C.V.11 · La soberanía de la Reina
Durante mucho tiempo creí que la soberanía consistía en llegar a algún lugar. En convertirme en una mujer más preparada, más sabia o más capaz. Hoy sospecho que no era eso. La soberanía comenzó el día en que mi Obra dejó de permitirme esconderla. Me pidió que confiara. No me mostró el camino entero. Apenas uno o dos peldaños. Todo lo demás permanecía borroso. Y, sin embargo, comprendí que la fe nunca consiste en verlo todo. Consiste en seguir remando cuando ya has reconocido la Voz que te llama.
Nadie nos explicó esto antes. Y, sin embargo, estaba escrito hace miles de años, enterrado bajo la arena, esperando a que alguien volviera a escuchar aquellas antiguas historias. Quizá por eso tantas mujeres creen que primero necesitan sentirse preparadas para responder a su Obra. Como si un día despertaran libres de dudas. Como si la certeza llegara antes que el camino. Pero la Vida nunca me habló así. Siempre me pidió un paso más. Sólo uno. Después otro. Y otro.
Con los años comprendí que una Obra Viva nunca espera a que estemos listas. Al contrario. Es ella quien nos hace crecer hasta convertirnos en la mujer capaz de custodiarla. No caminamos delante de la Obra. Caminamos junto a ella. Mientras ella se revela en el mundo, nosotras también vamos naciendo. Hay partos que no traen hijos. Traen mujeres nuevas.
Recuerdo uno de esos partos. Me partí en dos. Lloré como pocas veces he llorado. Sentía que había todo un mundo dentro de mí esperando nacer, una forma distinta de mirar la Vida, y comprendí que ya no podía seguir reteniéndola. Aquel día no vencí ningún miedo. El miedo murió solo. Lo que permaneció fue el amor. Murió también la mujer complaciente, la que miraba continuamente hacia los demás antes que hacia su Obra. Y entendí que hay momentos en los que seguir buscando aprobación se convierte en una forma muy silenciosa de abandonar aquello que la Vida nos ha confiado.
Quizá por eso el verdadero umbral nunca fue preguntarme si sería capaz. La pregunta era otra. Mucho más íntima. Y mucho más desnuda.
¿Quién soy yo para merecer esta corona?
¿Quién soy yo para custodiar esta Obra?
¿Quién soy yo para recibir este encargo de Dios en el mundo?
Y, sin embargo, cuanto más permanecía con esa pregunta, menos hablaba de mérito y más de bendición. Nunca sentí que hubiera conquistado la corona. Sentí que me había sido confiada.

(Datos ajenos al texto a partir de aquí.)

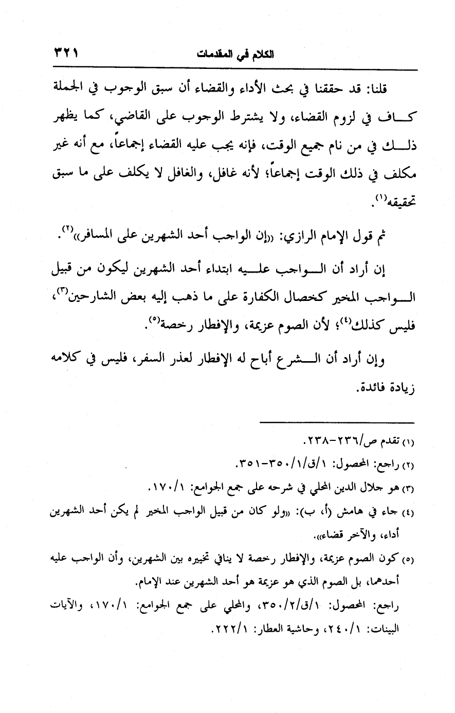راجع: المحصول: ١/ ق /٢/ ٣٥٠، والمحلى على جمع الجوامع: ١/ ١٧٠، والآيات البينات: ١/ ٢٤٠، وحاشية العطار: ١/ ٢٢٢.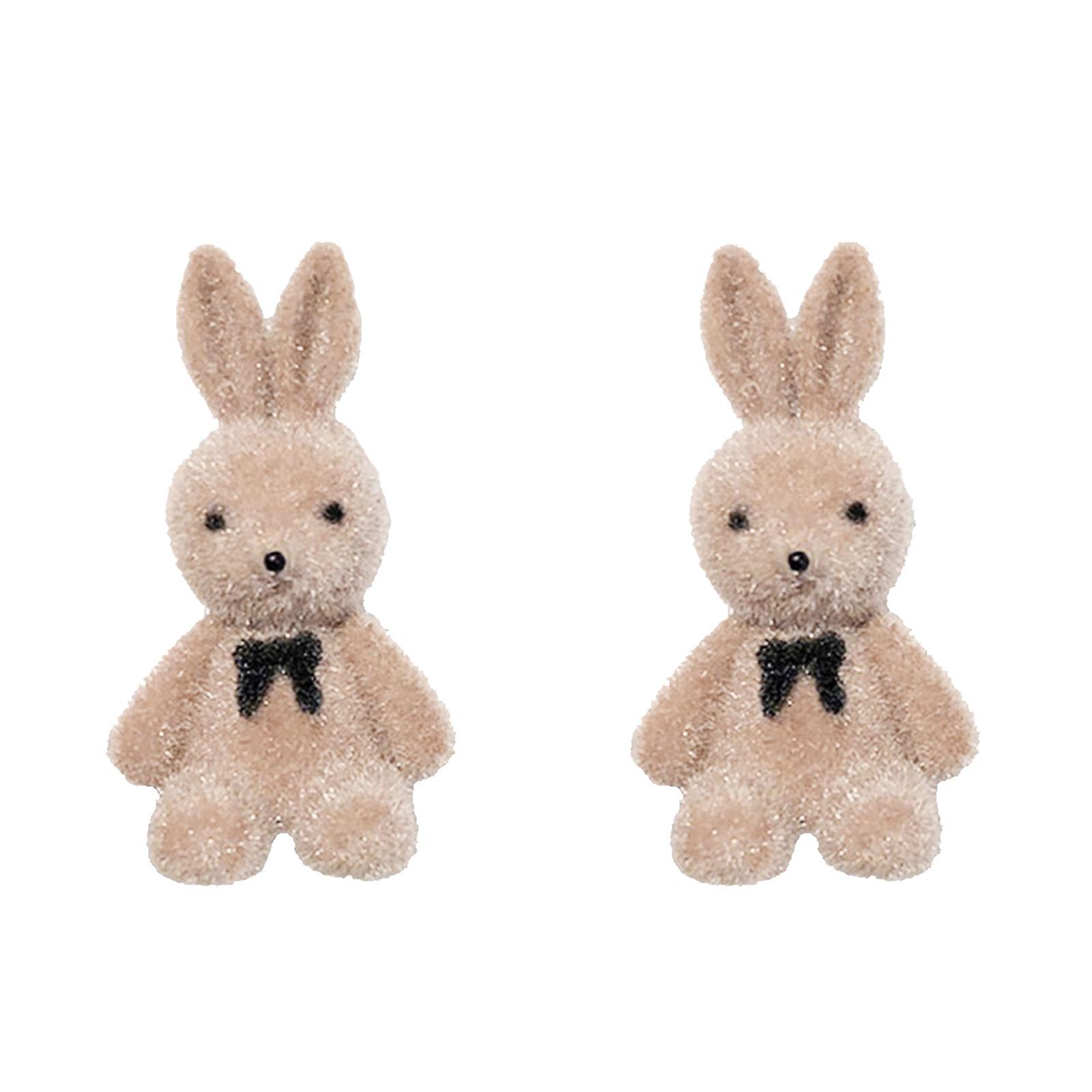 Korean Kawaii Funny Plush Bear Stud Earrings Cute Bow Bear Statement Jewelry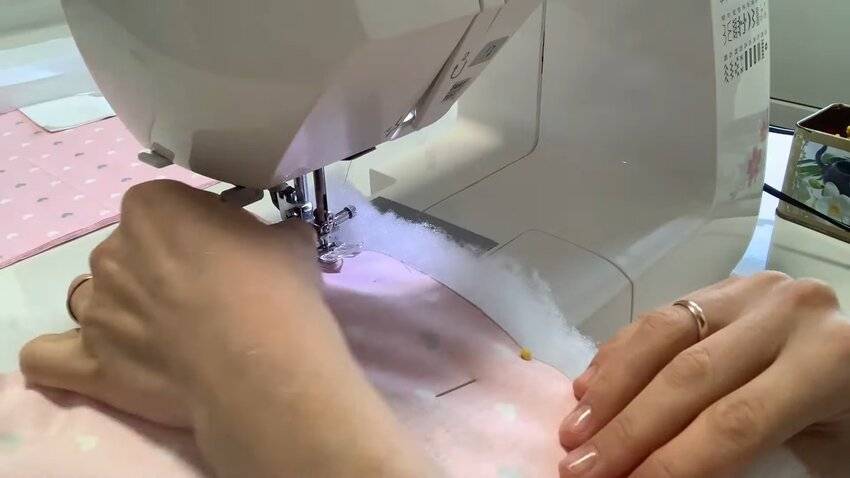 Складываем ткань пополам лицевой стороной друг к другу. Прошиваем по кругу, оставив небольшое отверстие для того, чтобы можно было вставить наполнитель. После того как наш наполнитель окажется внутри чехла, потайным швом зашиваем оставшееся отверстие. Такие манипуляции проводим в отношении каждой детали.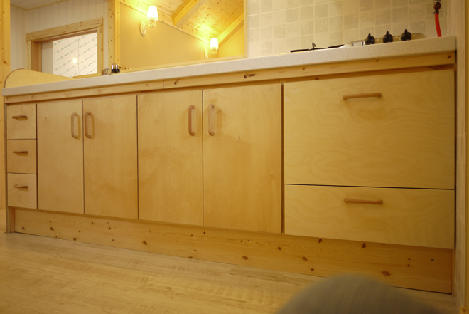 제작 및 시공하는데 정성을 많이 쏟은 자작나무 씽크대입니다. 내부틀 역시 사이드핑거 조인트로 된 유럽산 집성원목이며, 문짝은 18mm 자작나무입니다. 도색은 미국산 Minwax 우레탄 반광 도료입니다.

Llegar hasta ese instante lleva años. Muchísimos años de trabajo interior. Años atravesando barro, renunciando a versiones de una misma, soltando pieles que ya no podían sostener la Vida que quería nacer. Por eso, cuando finalmente Inanna toma la Shugurra entre sus manos, el gesto parece pequeño. Porque el verdadero acontecimiento ya ha sucedido dentro de ella. Ponerse la corona apenas hace visible una transformación que llevaba mucho tiempo ocurriendo en silencio.
Y quizá ahí comprendí que la soberanía no es un destino al que una llega para descansar. Es un voto que se renueva cada día. Con Dios. Con la Diosa. Con ELLA. Con la Obra. Elegir una y otra vez permanecer disponible para aquello que pide nacer a través de nosotras. Elegir el amor por encima del miedo. Elegir la fidelidad a la Obra por encima de la complacencia.
Después comprendí que la Shugurra -la corona- nunca había sido el destino.
Apenas era el gesto con el que una mujer dice sí a la Vida.
Lo demás...
lo demás sucede en la travesía.
Y es extraño.
Porque el cuerpo lo sabe antes que la cabeza.
El corazón se ensancha.
Regresan unas mariposas antiguas.
No de miedo.
Llenas de Vida.
Como cuando descorchas una etapa que todavía no conoces y, aun así, sonríes.
No porque sepas lo que ocurrirá.
Sino porque, por primera vez, ya no necesitas saberlo.
La Barca del Cielo espera en el muelle.